Procedure one: In fact, it is very simple, this information is in the target machine's/ETC/MOTD file custom
[Email protected] ~]# CAT/ETC/MOTD
===================================
|||||||||||||||||||||||||||||||||||
===================================
Hostname:monit-server
ipaddres:192.168.1.15
===================================
IDC Monitoring Machine
===================================

Procedure two: Define in the/etc/ssh/sshd_config file of the target machine, then restart the sshd service. Both of these practices are consistent effects!
Banner/etc/sshfile

[Email protected] ~]# Cat/etc/sshfile
This is 192.168.1.117

Remote login:
[[email protected] ~]# ssh 192.168.1.117
This is 192.168.1.117
[Email protected] ~]#

(2) implement SSH password-free login: Use Ssh-keygen and Ssh-copy-id
Ssh-keygen generate public and private key pairs .
Ssh-copy-id copies the local public key to the remote machine's Authorized_keys file, and Ssh-copy-id allows you to have/home/username/.ssh and ~/.ssh/authorized_ to the remote machine. The right to the keys.
Action record:
1) First step: Use Ssh-keygen on the local machine to generate a public key private key pair
#ssh-keygen-t RSA//One-way default carriage return
This will generate the public and private key files in the. SSH directory in the current user's home directory: Id_rsa.pub, Id_rsa. You can copy the Id_rsa.pub public key file to Authorized_keys
2) The second step: You can manually set the local id_ Rsa.pub the contents of the public key file are copied to the remote target. ssh/authorized_keys file, you can implement SSH without password login.
Of course, you can also copy the public key to a remote machine using Ssh-copy-id directly in the local computer
#ssh-copy-id-i/root/.ssh /id_rsa.pub [email protected] [Copy the local public key to the remote machine, such as B machine]
can also not add a public key path, the default plus
#ssh-copy-id [email  Protected]
note:
ssh-copy-id writes key to the remote machine ~/ . ssh/authorized_key. File (the file is automatically created)
3) This way, the machine logs on to the remote machine above (b machine) without entering the password
#ssh [email protected]

(3) SSH login failed, error: Pseudo-terminal won't be allocated because stdin
Phenomenon:
Need to log on to a target machine on the line a, but not directly login (no login rights), you need to log on to the B machine, and then jump from the B machine to a machine.
The script is as follows:
localhost:~ root# Cat idc-7.sh
#!/bin/bash
SSH [email protected] "ssh-p25791 [email protected]"

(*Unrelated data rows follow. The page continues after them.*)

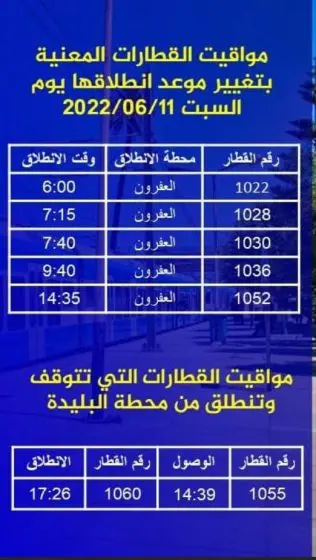 Pour ce samedi 11 juin, la société nationale des transports ferroviaires à informer les voyageurs du train N° 1055 que leur voyage prendra fin exceptionnellement à Blida. L’arrivée à la ville des roses est prévue à 14:39 comme l’indique le communiqué de la SNTF. En outre, cette dernière a annoncé que le train N° 1060 fera son départ, exceptionnellement, à 17:26 de Blida.
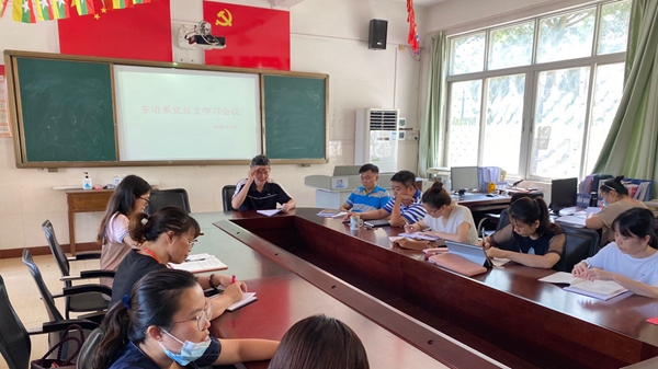 为庆祝中国共产党成立99周年,勉励广大党员不忘初心,牢记使命,也为贯彻“我为加快推进海南自由贸易港建设做贡献”活动要求,6月24日,东语系党总支部在系会议室开展了“迎党的生日、讲战疫故事、悟初心使命”为主题“的迎“七一”党日活动,同时围绕海南自由贸易港如何从我做起进行了学习与研讨。在学习中,第四支部的刘思洋、王爱云两名学生党员疫情期间的志愿服务事迹深深感动了每一位在座的党员,大家表示要培养出更多的像这两位学生党员同志一样无私奉公全心全意为人民服务的同志出来,要一代一代的传承下去。第三支部则讲了疫情期间在缅甸学习与工作的韩飞、王自梅两名优秀学生的事迹,这两名学生虽然身在国外,但时刻不忘作为入党积极分子的身份,为促进中缅胞波友谊添砖加瓦,为困难的缅甸群众募捐了一批口罩与防疫物资。其他党员同志也讲了身边的防疫小故事,极大的感染了每一个人,大家表示,在以习近平同志为核心的党中央的正确领导下,中国人民将彻底战胜疫情,迎来完全胜利。同时在王诒奎书记的带领下,大家围绕“我为加快推进海南自由贸易港建设做贡献”开展了讨论学习,王诒奎书记强调,党员同志们要坚定不移贯彻落实习近平总书记“4·13”重要讲话、关于海南工作的系列重要批示指示和中央12号文件精神,万众一心决胜全面建成小康社会,奋勇争先推动建设海南自由贸易港。各位党员同志也表示,要为海南自贸港作出更大的贡献,培养出更多的外语人才。
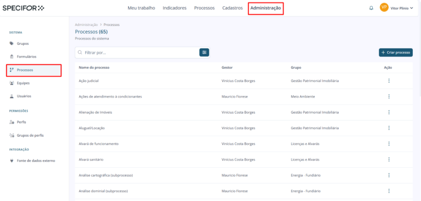 2. Na página de "Administração", no menu lateral localizado no canto esquerdo da página, dentro da seção "Sistema", clique em "Processos".
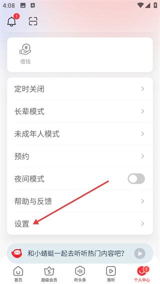 2、在个人中心页面找到设置选项,点击该选项进入应用的设置界面。
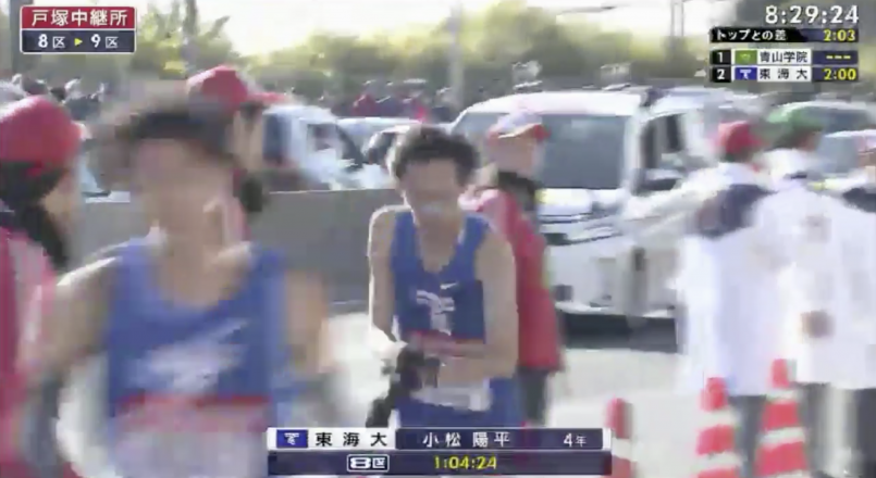 東海大松崎咲人加速甩開國學院大的木付,和青學大差距縮小到2:00。
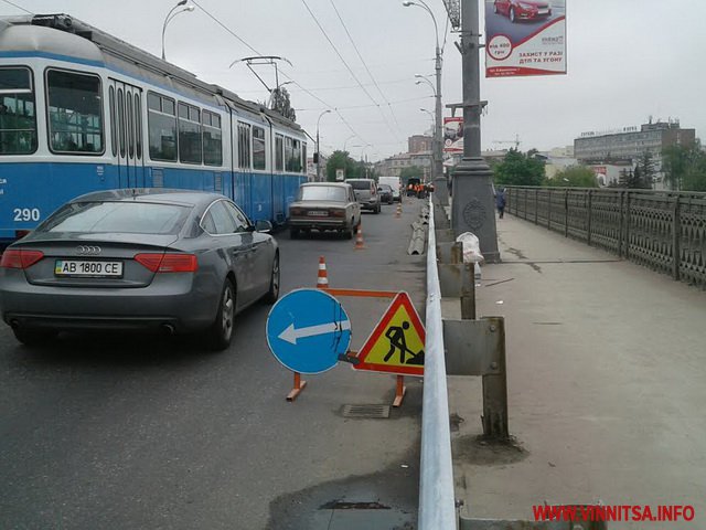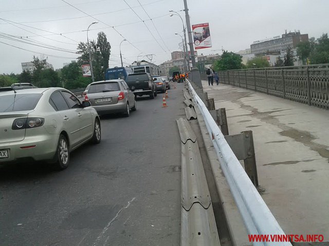 Через ремонтні роботи рух транспорту по мосту ускладнений, у зв’язку з чим є незначні затори.
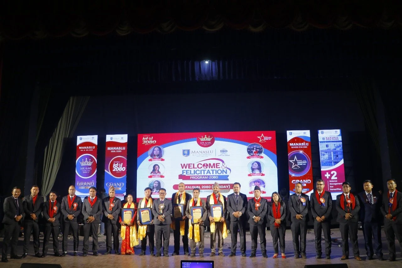 काठमाडौँ । चाबहिलमा अवस्थित मनास्लु वर्ल्ड कलेजले ५ जना विशिष्ट व्यक्तित्वहरूलाई सम्मान गरेको छ । मनास्लुले स्वागत तथा विशिष्ट व्यक्तित्व सम्मान कार्यक्रममा कक्षा ११ र १२ मा उत्कृष्ट नतिजा सहित उत्तीर्ण विद्यार्थीहरूलाई सम्मानका लागि नेपाल प्रज्ञा प्रतिष्ठानको हलमा आयोजित कार्यक्रममा उनीहरूलाई सम्मान गरिएको हो ।
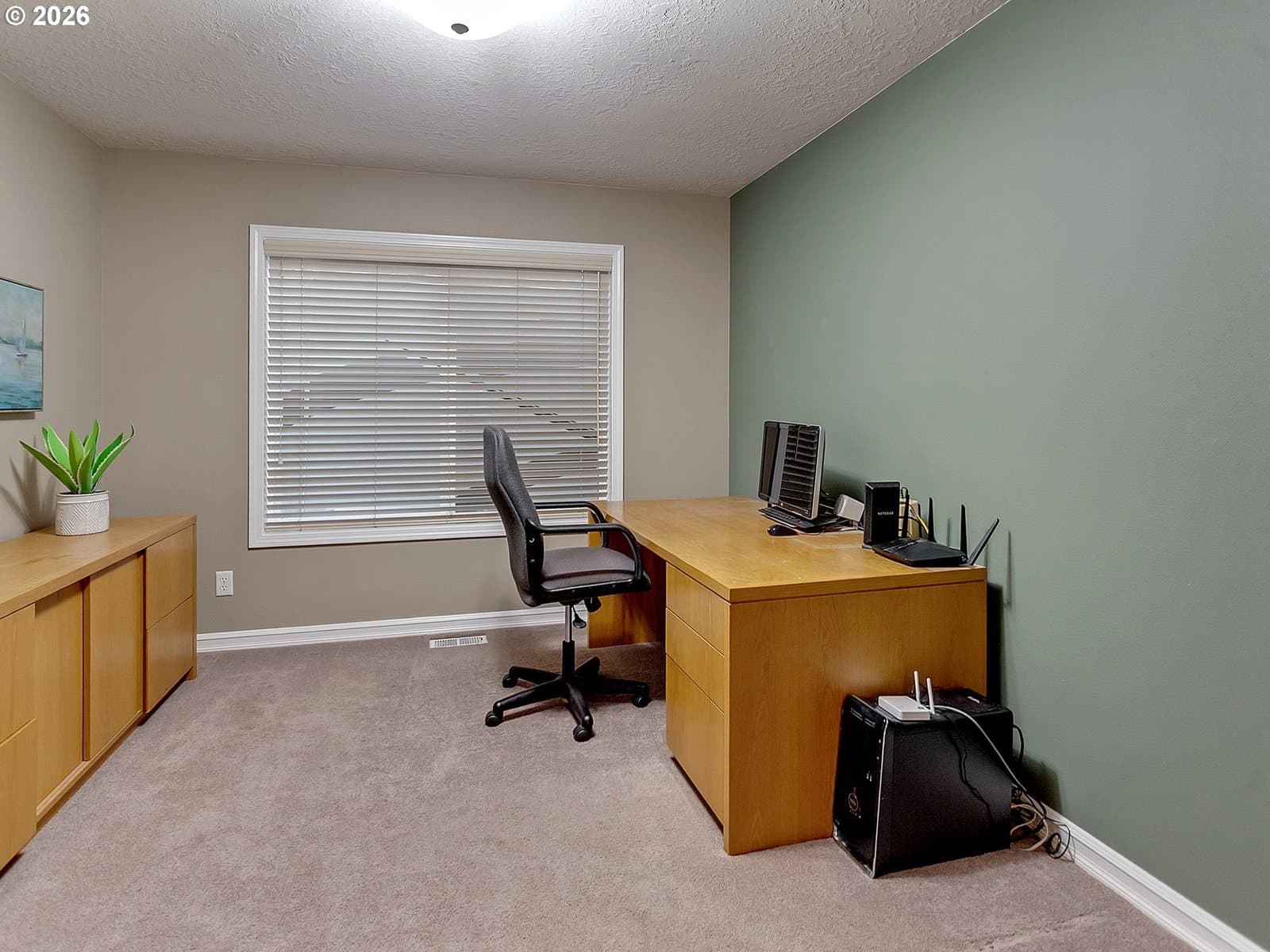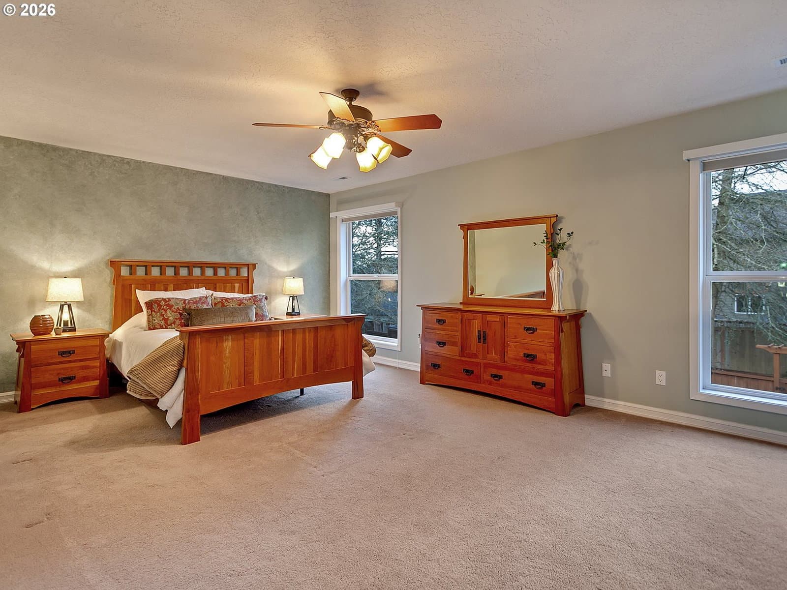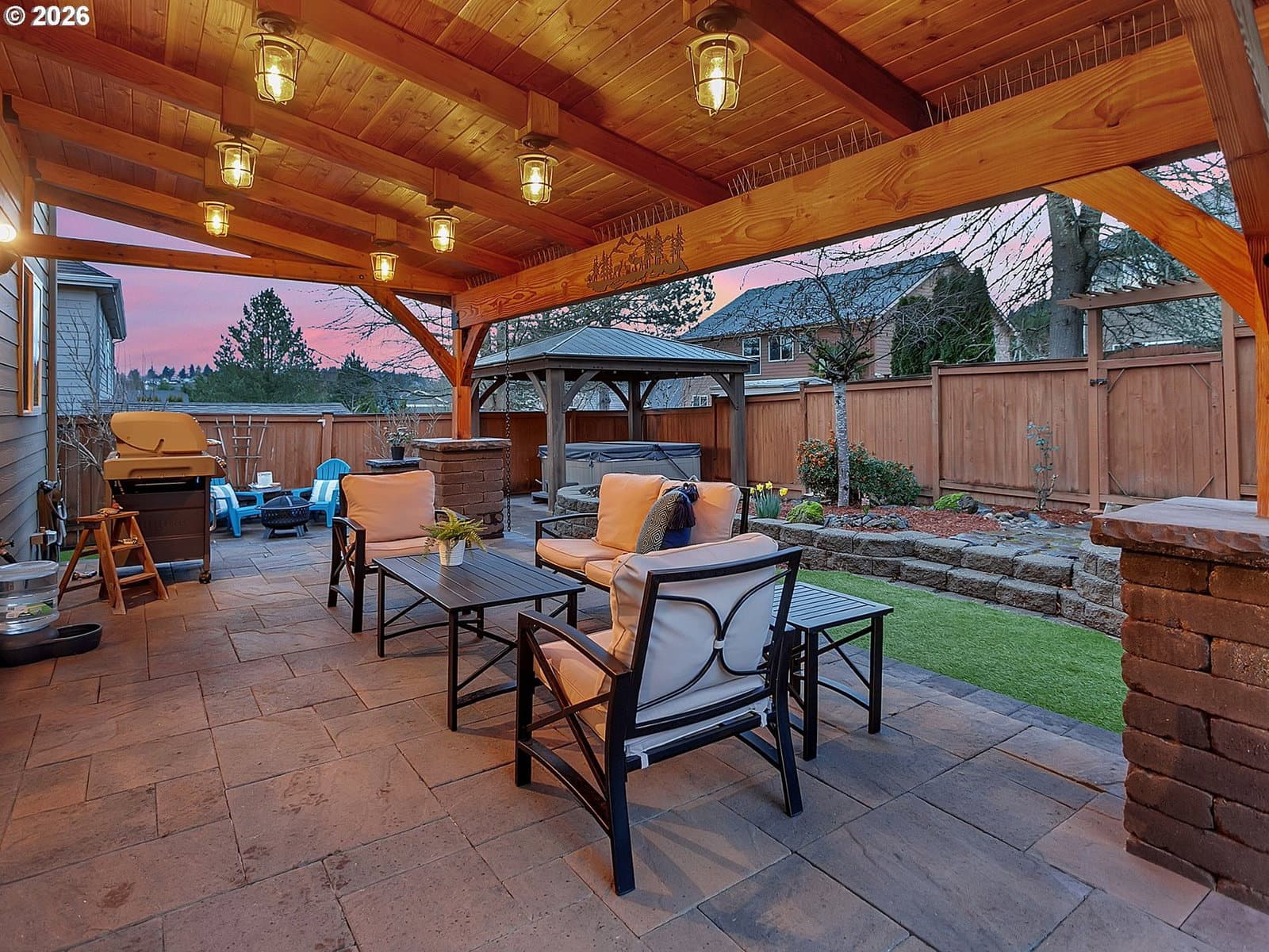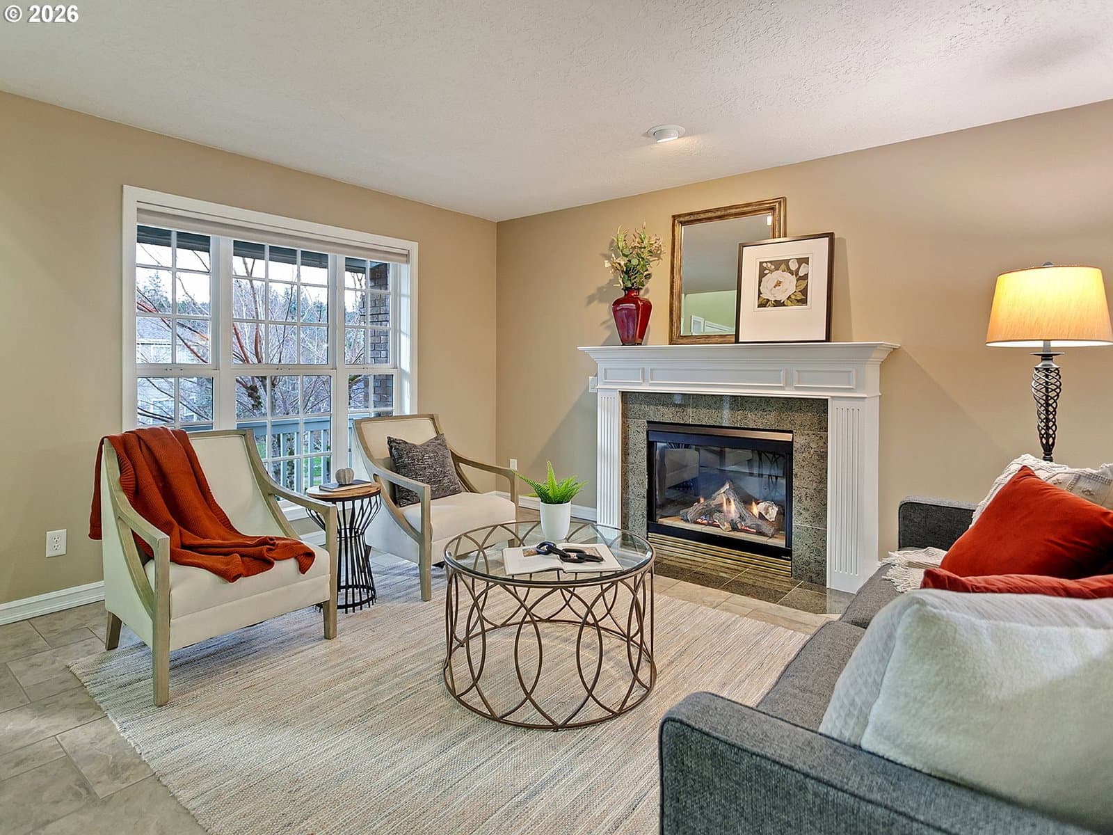 Nestled in a desirable Happy Valley neighborhood, this beautifully maintained two-story home offers an open, light-filled floor plan and an incredible year-round outdoor retreat. The private backyard features a custom covered patio, fire pit area, hot tub, drip irrigation and low-maintenance artificial turf, perfect for entertaining in every season.The kitchen showcases rich cherry cabinetry, granite countertops, a large island, tile floors and a gas range with overhead hood. The open concept kitchen-living area flows seamlessly into the spacious living room with oversized windows and abundant natural light. A formal dining room and cozy sitting room with a gas fireplace create inviting gathering spaces. The main-level office or guest room sits near a convenient half bath for added flexibility.Upstairs offers four bedrooms including a generous primary suite with double sinks, cherry cabinets and granite countertops, jetted tub, separate shower and walk-in closet. A second full bath with double sinks, granite countertops and cherry cabinets and upstairs laundry add everyday convenience.A two-car garage with built-ins provides ample storage. Flat RV parking with 30-amp hookup accommodates up to a 30-ft RV, plus two powered storage sheds. There is also a generator inlet plug on the RV pad for connecting a whole house generator and interlock kit on the electrical panel as required by code when connecting a generator. Located on a quiet cul-de-sac near parks, trails, shopping and community amenities. Updates include newer roof with owned solar panels, tankless water heater, furnace and custom patio cover. Bridge City Community Management

But the error when executing the script is as follows:
Pseudo-terminal won't be allocated because stdin

Reason:
The pseudo-terminal will fail to allocate because the standard input is not a terminal.
Workaround:
The-T-T parameter needs to be increased to force pseudo-terminal allocations, even if the standard input is not a terminal.
Add the-t-t parameter to the script, as follows:
localhost:~ root# Cat idc-7.sh
#!/bin/bash
SSH [email protected] "SSH-T-t-p25791 [email protected]"

Or
localhost:~ root# Cat idc-7.sh
#!/bin/bash
ssh-t [email protected] "SSH-T-t-p25791 [email protected]"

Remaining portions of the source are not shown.